Professor Del Mar said he suspects GPs quite often ‘choose the thing we think is most medical, like a Pap smear test, or the thing that’s easiest to reach for, like a sphygmomanometer’.
 
‘But it occurred to us, one helpful thing would be to have a ranking of the benefits and the harms of each preventive activity so we can have them at least ranked in the right order so we can choose,’ he said.’
 
The paper looks at the potential downfalls of a sample of common preventive health recommendations, such as overdiagnosis and potential overtreatment, and weighs that up against potential benefits, along with the reduction in expected deaths.
 
‘We thought we would try and get a sample, just a few done, to see how it might work,’ Professor Del Mar explained.
 
Where possible, information came from meta-analyses of randomised controlled trials.
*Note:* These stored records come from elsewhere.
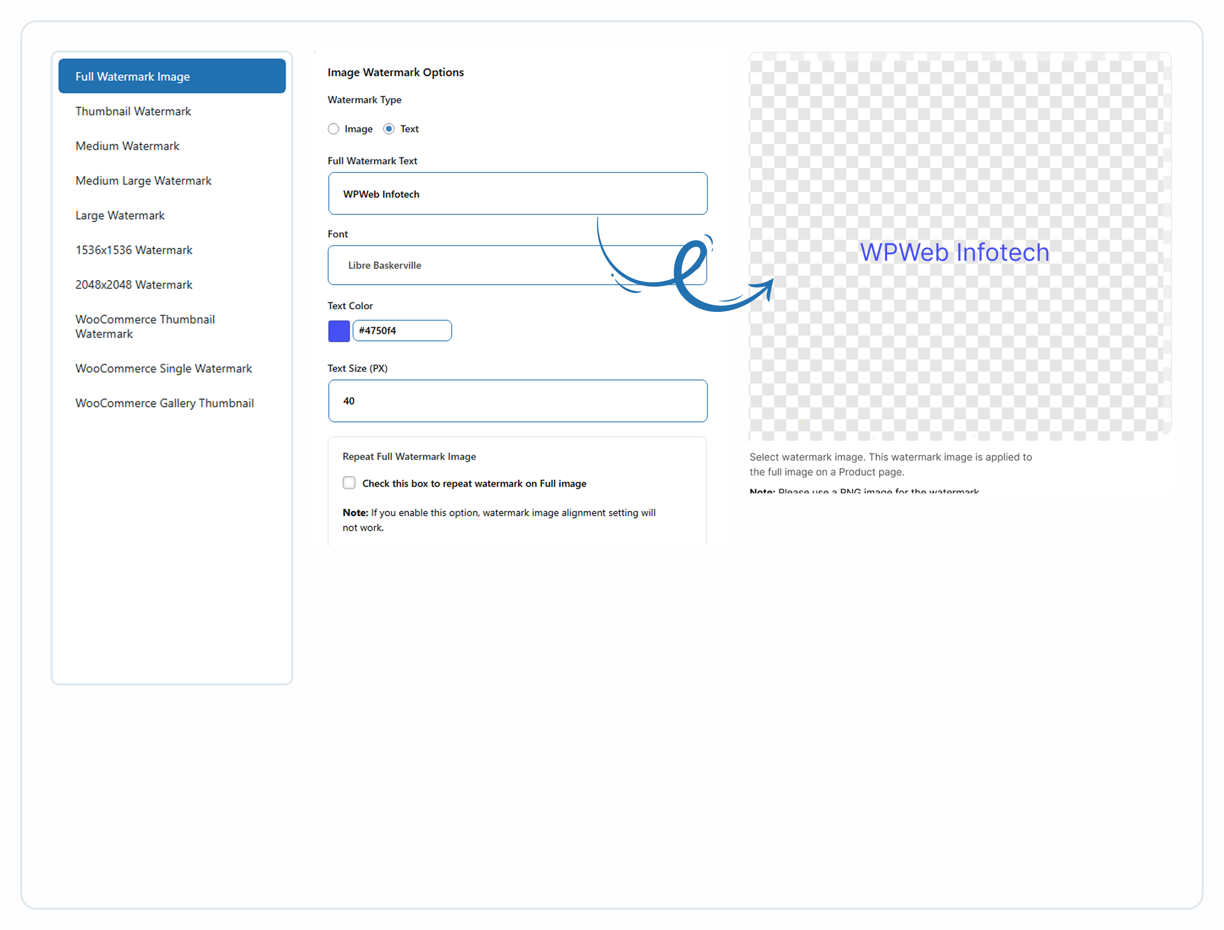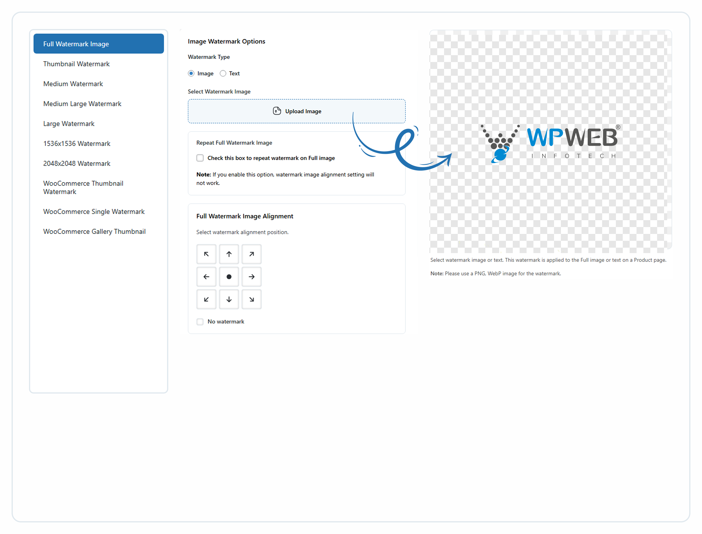 Product Image Watermark for Woo plugin allows you to apply watermark on WooCommerce products images which should be a downloadable products. These watermarks can be an image copyright symbol, company logo or piece of branding text as a transparent PNG or Webp image.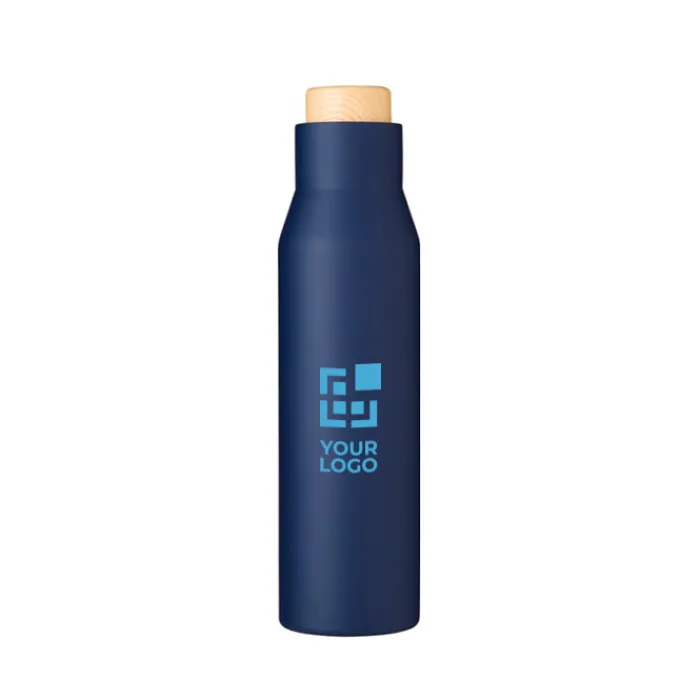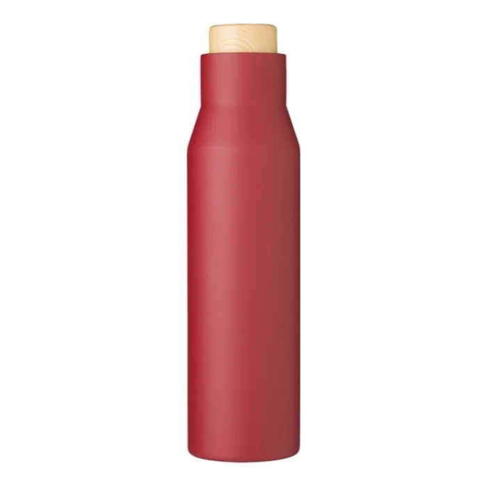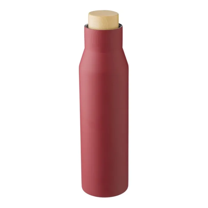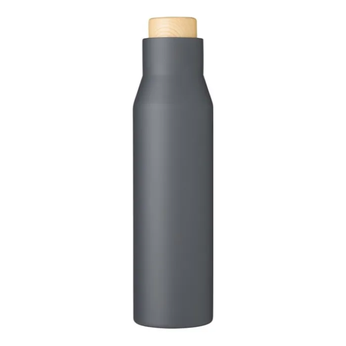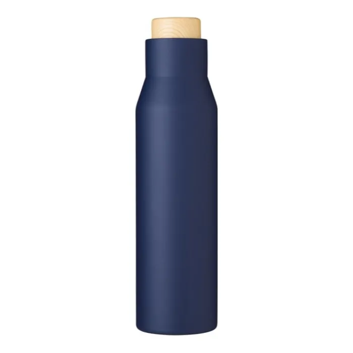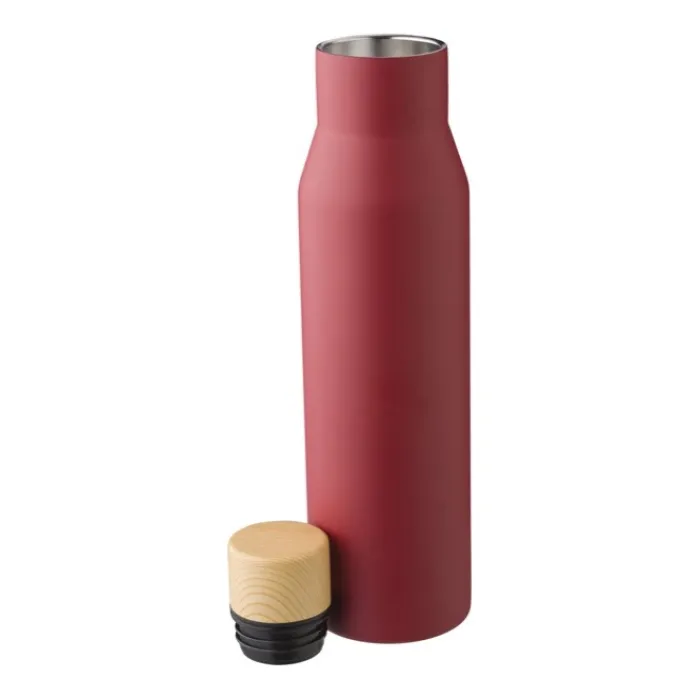 Borraccia in acciaio inox 304 a doppia parete con tappo in legno da 500 ml. Confezionata singolarmente in una scatola in cartone color avana.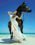 Алмазная вышивка «Девушка в белом и черный скакун» 40x50 см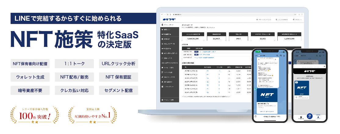 キリフダはNFTの受け取りに必要なウォレット生成から配布・所有確認などの機能を一元的に提供するSaaSです。マスマーケティングやセグメントマーケティングにNFTを活用したい事業者を包括的にサポートいたします。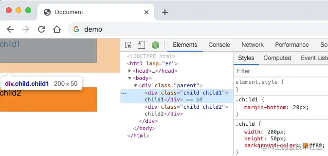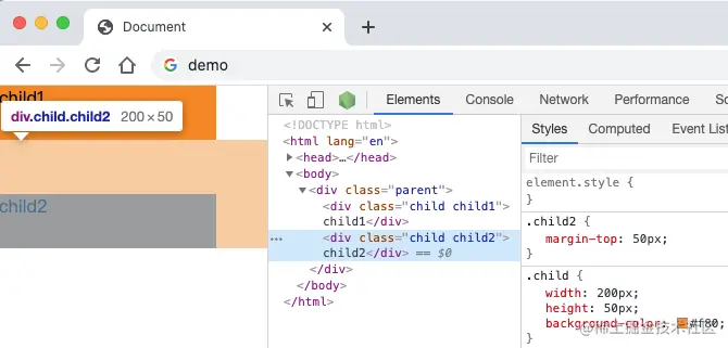 我们给 child1 设置了 margin-bottom:20px,给 child2设置了 margin-top: 50px,但最终的展现效果确实 50px(注意:如果 margin 设置负值的话是什么情况的?可以思考一下😯)

When that was not possible (such as for smoking cessation), the authors quantified the evidence for benefit from observational cohort studies.
 
The authors restricted the analysis to a single age group, 50 years of age, to simplify the estimates.
 
They found that smoking cessation led to 24.2 fewer deaths in males and 15.4 fewer deaths of females per 1000 people per decade, while weight loss – going from a body mass index (BMI) of 35 down to 30 – led to 19.7 fewer deaths in males and 11.8 in females.
 
Meanwhile, lipid lowering with a statin in metabolic syndrome led to 2.1 fewer deaths in males and 0.7 fewer deaths in females per 1000 people per decade.
 
Being invited for regular mammography yielded 0.5 fewer breast cancer deaths, while participating in faecal occult blood testing (FOBT) biennially led to 0.5 fewer deaths in males and 0.3 in females.
 
As an epidemiologist, these results did not surprise Professor Del Mar.
 
‘But I think it might surprise some GPs who are not so well acquainted with managing population data,’ he said. ‘And I think that that’s where the value of doing this might really be something useful.’
 
Professor Del Mar hopes this area is investigated further and that these results influence how GPs choose which preventive activity to discuss with their patients. He also believes the paper would be ‘a useful addition to the Red Book itself’ and hopes it may lead to the development of decision aides for patients.
 
‘We should have these things available for all the preventive activities that we recommend in the Red Book so that we can help people make decisions which incorporate their own preferences [and] what patients are worried about,’ he said.
 
‘So we can put all that information into the melting pot and help patients make a choice that’s right for them.’